Activity: Reproduce exactly the lines from the one containing "O(a) Balcão Buffet" through the last line of the records below, both included. Leave out any pictures.

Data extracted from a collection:
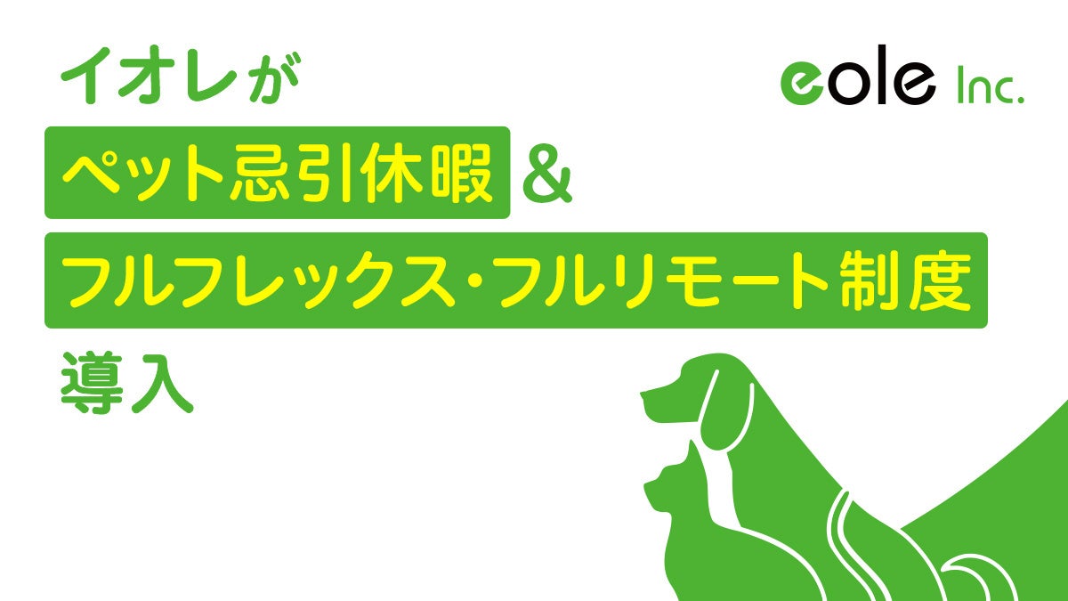 ペット旅行専門メディア「休日いぬ部」や愛犬家向け情報メディア「Perrole」を運営する株式会社イオレ(本社:東京都中央区、代表取締役社長:冨塚 優、以下イオレ)は、9月1日より新たに『ペット忌引休暇』制度や、これまでのコアタイムを廃止したフルフレックス・フルリモート制度を導入しました。
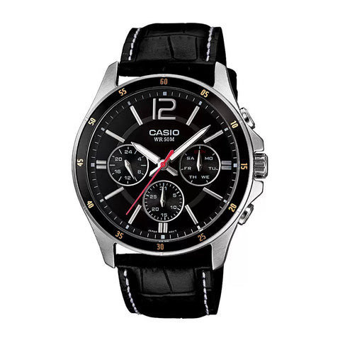 Casio A834 ENTICER MEN MTP-1374L-1AVDF Black Leather Watch
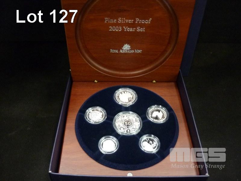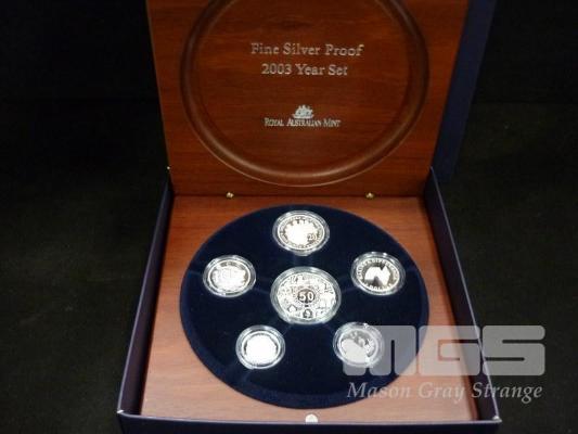 2003 FIRST ISSUE, FINE SILVER (99.9%) PROOF COIN SET, TIMBER BOX, COMMEMORATIVE 20 CENT, 50 CENT, $1, #839
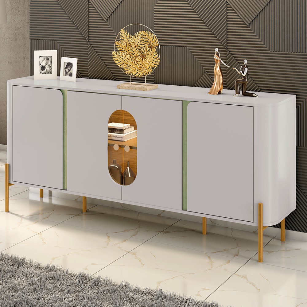 O(a) Balcão Buffet Tambaú 4 Portas 1 Prateleira com Vidro e Led Off-White/Pistache - Móveis Bechara é produzido em MDP na escala de brilho Brilho e Fosco, e possui um grau de dificuldade de montagem: Médio.
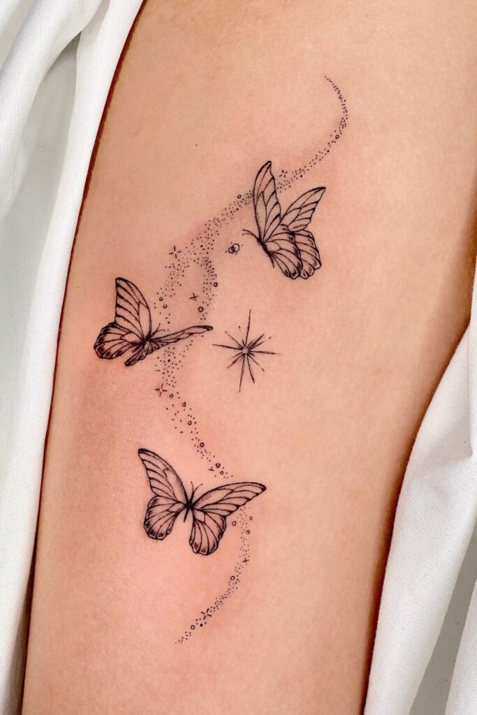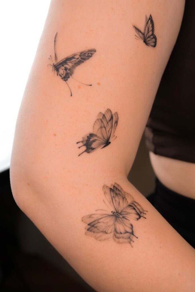 A flying butterflies tattoo often celebrates freedom, a reminder that no matter how heavy life once felt, you can rise above it and soar.

Solution to the problem:
 O(a) Balcão Buffet Tambaú 4 Portas 1 Prateleira com Vidro e Led Off-White/Pistache - Móveis Bechara é produzido em MDP na escala de brilho Brilho e Fosco, e possui um grau de dificuldade de montagem: Médio.
 A flying butterflies tattoo often celebrates freedom, a reminder that no matter how heavy life once felt, you can rise above it and soar.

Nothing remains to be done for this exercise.